Dr. Celia Easton’s lecture entitled “Who Needs Vampires? Jane Austen’s Wit is Biting Enough” took place in the Fireside Lounge on Wednesday 2/22. The talk was largely meant to debunk Austen’s reputation as a prim and proper romance writer out of touch with the real world. While this reputation was created for Austen by her family after her death, Easton’s lecture focused on who Austen was before “a veil of prissiness” was thrown over her—an author who understood sexuality and knew how to use it in her books in order to make socially relevant points.

Dr. Easton stressed the point that “if you fell in love with Austen at 12, you didn’t really understand her.” Because although it is possible to read Austen as many do—for an innocent romance in which the heroine always ends up married—to read for the love story only is to overlook the fact that Austen is only partly interested in romance.
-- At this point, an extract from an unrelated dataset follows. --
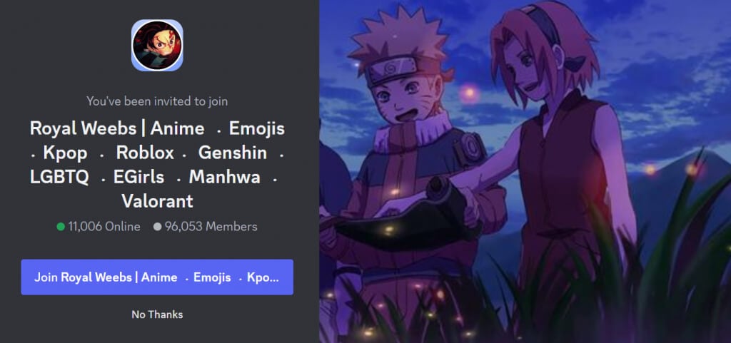 Bu Discord sunucusu bol miktarda eğlenceli ve renkli emoji ve aylık nitro hediyeleri var. Moderatörler her zaman mevcut, eğlenceli ve yardım etmeye hazır. Sohbet aktiftir ve isterseniz her zaman bir sesli sohbet veya video görüşmesine katılmayı tercih edebilirsiniz. Ancak, teknik olarak yaş sınırı olmamasına rağmen, Royal Weeb'in çoğu genç ve genç yetişkindir. Bu sunucu herkesin çayı olmayacak.

The preoccupation with marriage in most of her novels reflects a much more practical sentiment: that for middle-class women, finding a husband is one of the only ways to survive.

The earliest example of a woman desperate for economic security in Austen’s writing is in Lady Susan, written when Austen was 20. The title character, a widow with a teenage daughter to support, purposefully uses her sexuality in order to get ahead. Because Lady Susan is written in epistolary format, Austen is able to show her readers that Lady Susan’s actions are deliberate—she is not an innocent lady who gets her way because she is sexy without knowing it; rather, she understands how to influence men and continuously does so in order to help herself, unabashed that this is often at the expense of others. Lady Susan’s duplicity and her understanding “the tendency of men’s reason to slip beneath their breeches” shows that Austen is not only not a prim and proper woman with no idea what sex is, but rather that she is aware of the power of sex and the fact that women must use their sexual appeal in order to preserve their livelihoods. Although the reader does not like Lady Susan, Austen frames her actions so we see that her selfishness and seduction of men are born out of necessity.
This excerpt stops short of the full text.